Dinlendikten sonra bostanda koşturdular, canları ne çekerse yediler. Sonra dere kenarına gidip acı kulak topladılar. Onu da tuzlayıp yediler. Zamanın nasıl geçtiği anlamıyorlardı ki tam o sırada yan köyden gelen ezan sesini duydular. Bu ezan onlar için eve dönüşün sesiydi. Hemen bisikletlerine atlayıp hızlı bir şekilde evin yolunu tuttular. Yolda onları gören imam efendi:

— Hey uşaklar yavaş olun helee! Size bir şey verecem, dedi.
Osman çok gitmek istemedi ama Murat hemen hocanın yanına varınca o da peşi sıra gitti. İmam efendi çocuklar yanına gelince cebinden iki tane küçük çikolata çıkardı. Onlara verdi ve başlarını okşadı.
— Osman, sen niye bugün gelmedin oğlum. Sabah Murat geldi bak. Hasta mıydın yoksa?
Murat Osman'a dönerek,
— Yaaa Osman sana dimeyi unuttum kunut dualarına geçtim ben.
— Hocam aslında gelecektim amaaa, diyerek yere basan ayağına kafasını eğdi Osman.

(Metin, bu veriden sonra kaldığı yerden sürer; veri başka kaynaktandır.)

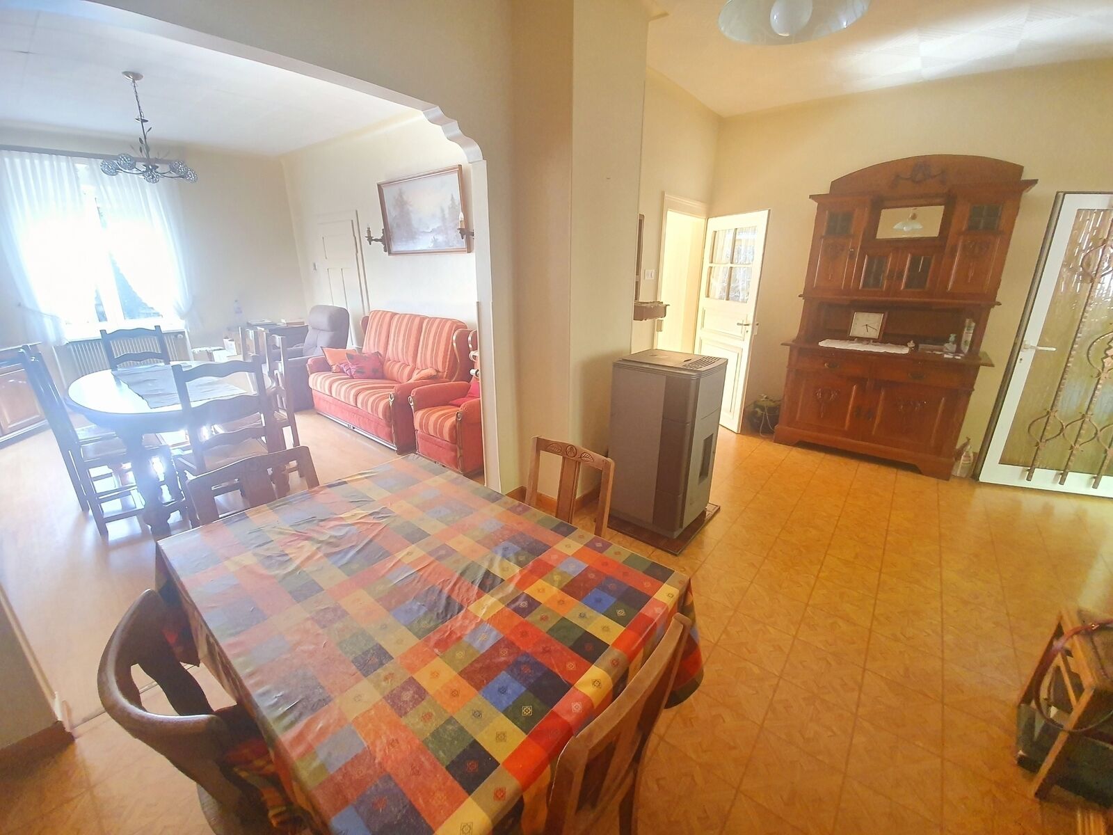 au rdc: une entrée de 5.90 m2, une salle à manger équipée d'un poêle à granules de 17.50 m2 ouverte sur un salon de 19 m2, une cuisine équipée de 4.90 m2, une salle d'eau refaite à neuf de 5.80 m2, un wc de 1.40 m2, un sas de 1.30 m2, un cellier de 5.5 m2, une chambre de 12.25 m2 et une chambre de 19.35 m2.
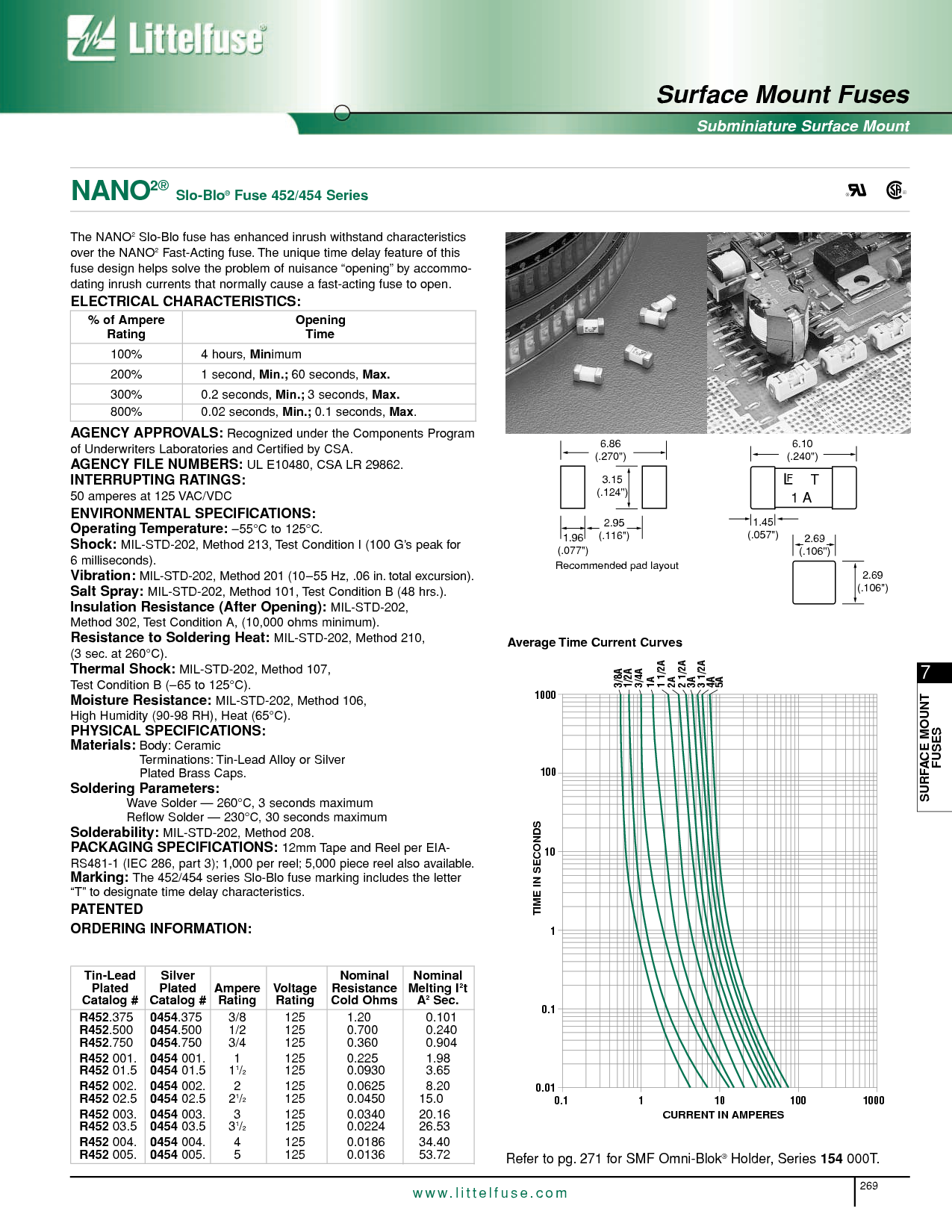 这 452/454 系列 slo-blo 保险丝 标记 包括 这 信函
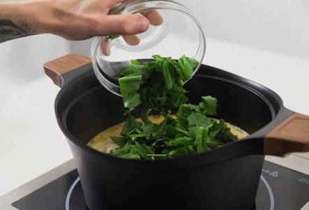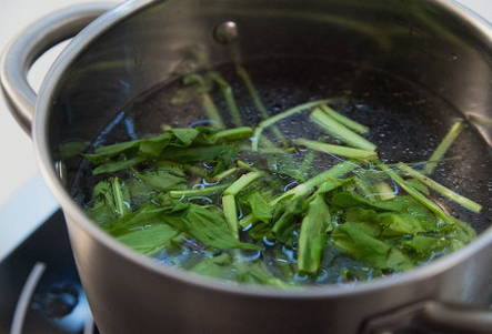 En doe de zuring helemaal op het einde in een bijna kant-en-klare soep. Laat het vijf minuten koken en laat het dan trekken en genieten van de aroma's. In de tussentijd kun je verse kruiden hakken om te serveren.
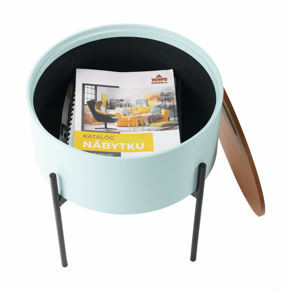Material: mdf / kovina Barva: neo mint / naravna / črna Dimenzije (ŠxGxV): 38×38×38,5 cm Nosilnost: 30 kg odstranljiv pokrov S predalom za shranjevanje Dobavljeno v razstavljenem stanju Celoten opis

İmam efendi gülüp “Tamam canım hastaysan sorun yok, dinlenebilirsin ama çarşamba gel olur mu?

— Hocamm yarın ders yoğ mu?
— Yarın Salı Murat. Pazar alışverişini yapacağız çocuğum.
— Haa pek doğru yaaa.

Hocadan ayrılınca biraz daha yollarına devam edip evlerine ayrıldılar. Eve doğru yürürken annesiyle babasının kavga ettiğini duydu.

— Artık yeterr! Senden de anandan da bıktım. Sürekli ben bakıyorum. Ne sen bir yardım ediyorsun ne de o gardaşın olacak adam bi gelip anasını alıp bakıyor, diyordu annesi Osman’ın.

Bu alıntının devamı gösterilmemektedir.